SA’s consumer price index (CPI) for March came in at 5.9% —above the Reserve Bank’s midpoint of 4.5%. April inflation data will be released a day before the MPC meeting, which may influence how aggressively they hike rates.

FNB economists said their base case is for the MPC to continue with incremental increases of 25 bps. The Bloomberg consensus forecast is for a 50 bps hike.

“Given the incomplete economic recovery and a stagnant labour market, we expect the SARB [SA Reserve Bank] to proceed cautiously with 25 bps rate increments. This is despite our Taylor rule analysis, which indicates that the SARB is moderately behind the curve, showing it should have hiked more relative to its actions so far,” the FNB economists said.

“The MPC’s judgment should take a delicate balance to minimise derailing the precarious economic recovery, especially coming from the profound impact of the pandemic.”

Alexforbes executive chief economist Isaah Mhlanga believes the MPC will and should increase the rate by 50 bps to cope with global financial conditions.

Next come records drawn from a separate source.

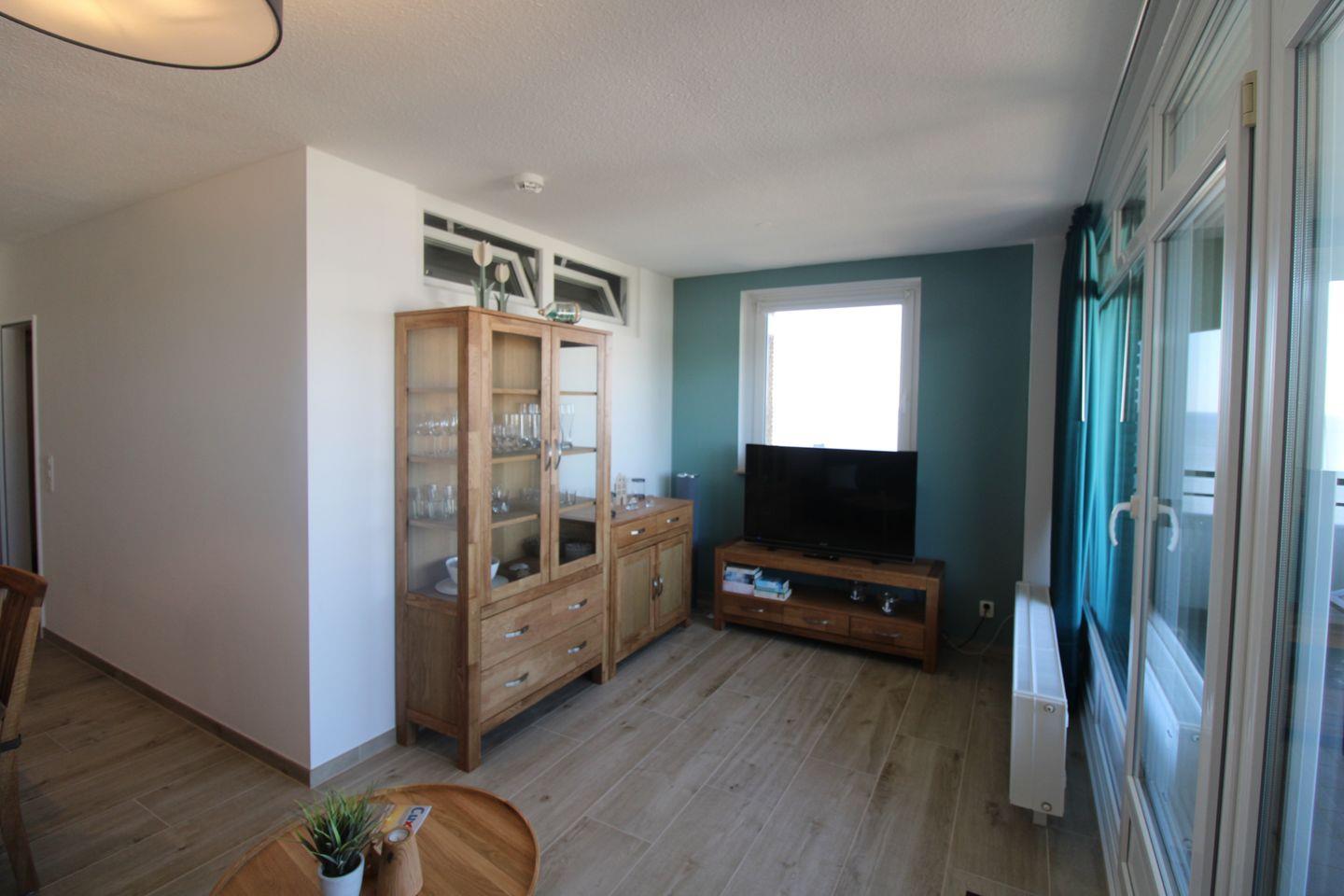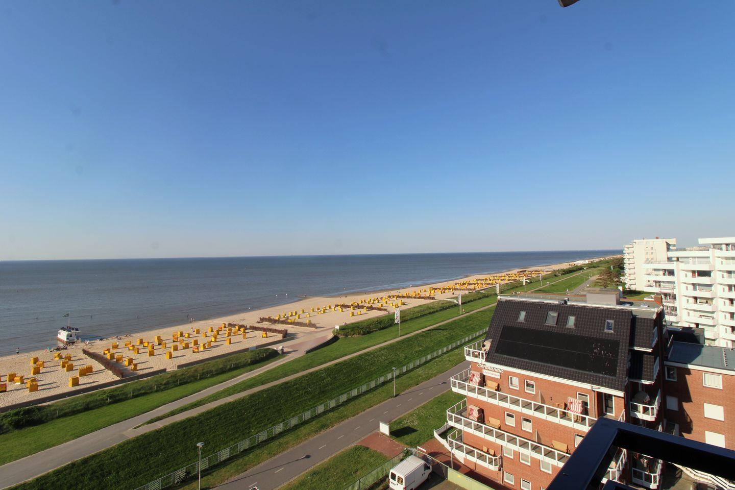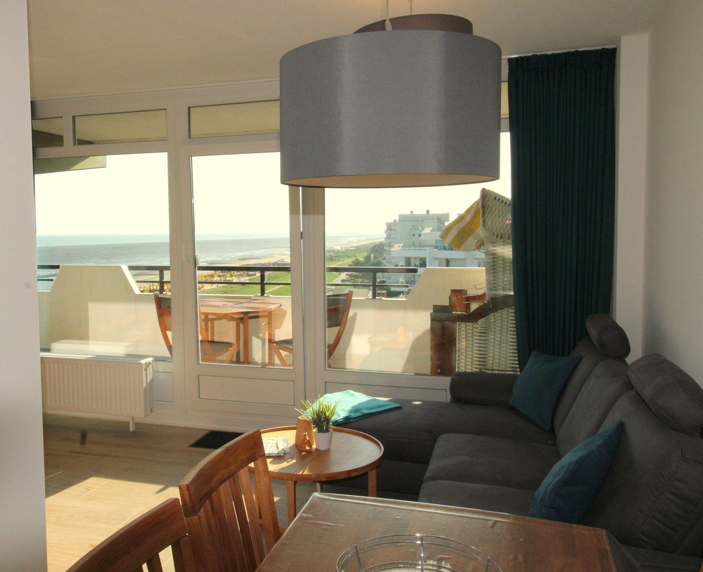 Die modern und hochwertig eingerichtete Ferienwohnung Nr. 101 (ca. 44 m²) wurde Anfang 2024 kernsaniert und befindet sich im 7. Obergeschoss. Von hier genießen Sie einen hervorragenden Seeblick über die Elbmündung bis nach Schleswig-Holstein – ein besonderes Highlight, das Sie sogar vom Sofa aus durch das seitliche Fenster erleben können.
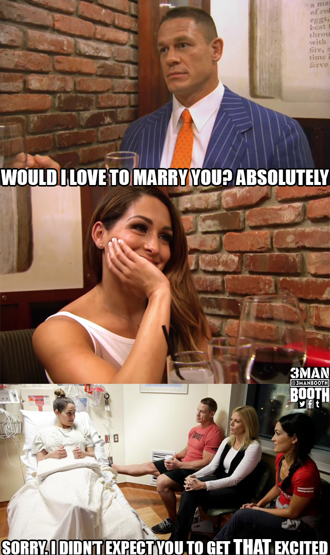 Nikki wants to know where Cena stands on the marriage situation. Cena says that at this point, would he love to marry Nikki? Absolutely. He loves her, more than he’s ever loved anyone in his life.
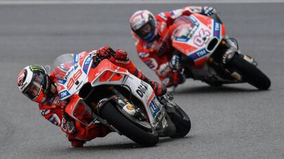 En Sepang ocurrió que, al instalarse en las motos este curso las pantallas electrónicas a través de las cuales los equipos pueden enviar mensajes a sus pilotos en plena carrera, la recomendación de Ducati para que Lorenzo ayudara a Dovizioso a ganar la carrera y alargar así la pelea por el campeonato hasta Valencia fue televisada en directo y urbi et orbe. “Sugerencia de mapa: mapa ocho”, esto es en una circunstancia de carrera normal un mensaje para que el piloto cambie la configuración de la moto y que consuma menos gasolina o conserve mejor el neumático, a cuenta de tener menos potencia, por ejemplo; un mensaje que en plena carrera este domingo en Malasia se entendió fácilmente. El Mundial estaba en juego: Márquez rodaba cuarto, así que Dovizioso tenía que ganar para seguir con opciones de título. Y nadie en el box de la fábrica de Bolonia lo negó.
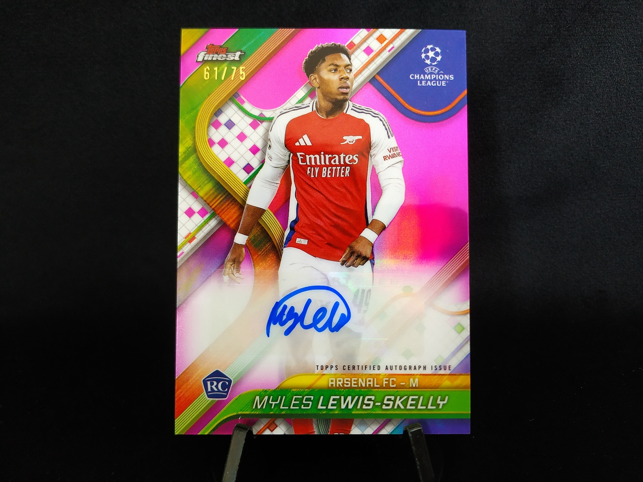 7-29【钢蛋儿拍卖】waby 1012 topps 24-25 Finest UCC 欧战 阿森纳 RC 新秀 粉折 签字 75编 迈尔斯 刘易斯 斯凯利 Myles Lewis Skelly 卡品如图

“We expect SA inflation to rise above the SARB’s upper target of 6% driven by fuel, electricity, food and goods prices. Further, we expect global financial conditions to tighten faster, resulting in a weaker USD/ZAR exchange rate. Thus the SARB must normalise in line with the Fed and other major central banks,” he said. 

Data on consumer price inflation for April will be published on Wednesday. Headline inflation was 5.9% year on year in March, up from 5.7% in February. Core inflation recorded 3.8% year on year and 0.8% month to month.

“The conflict between Ukraine and Russia has weighed heavily on a number of global commodity prices which were already affected by supply chain constraints linked to the pandemic,” said Investec economist Lara Hodes.

“We expect headline inflation to lift to 6% in April and average 6.3% in the second quarter, as supply-side price pressures continue to mount and spill over to core items,” added Hodes.

Also on Wednesday, retail sales data for March will be published. Sales volumes unexpectedly declined in February, falling 0.9% year on year from a robust 7.7% year-on-year increase in the previous month. The month-on-month seasonally adjusted volumes decreased by 0.5% after an increase of 2.3% in January.

“The decline in volume sales is against the backdrop of rising interest rates, higher costs of living and generally low consumer confidence,” the FNB economists said.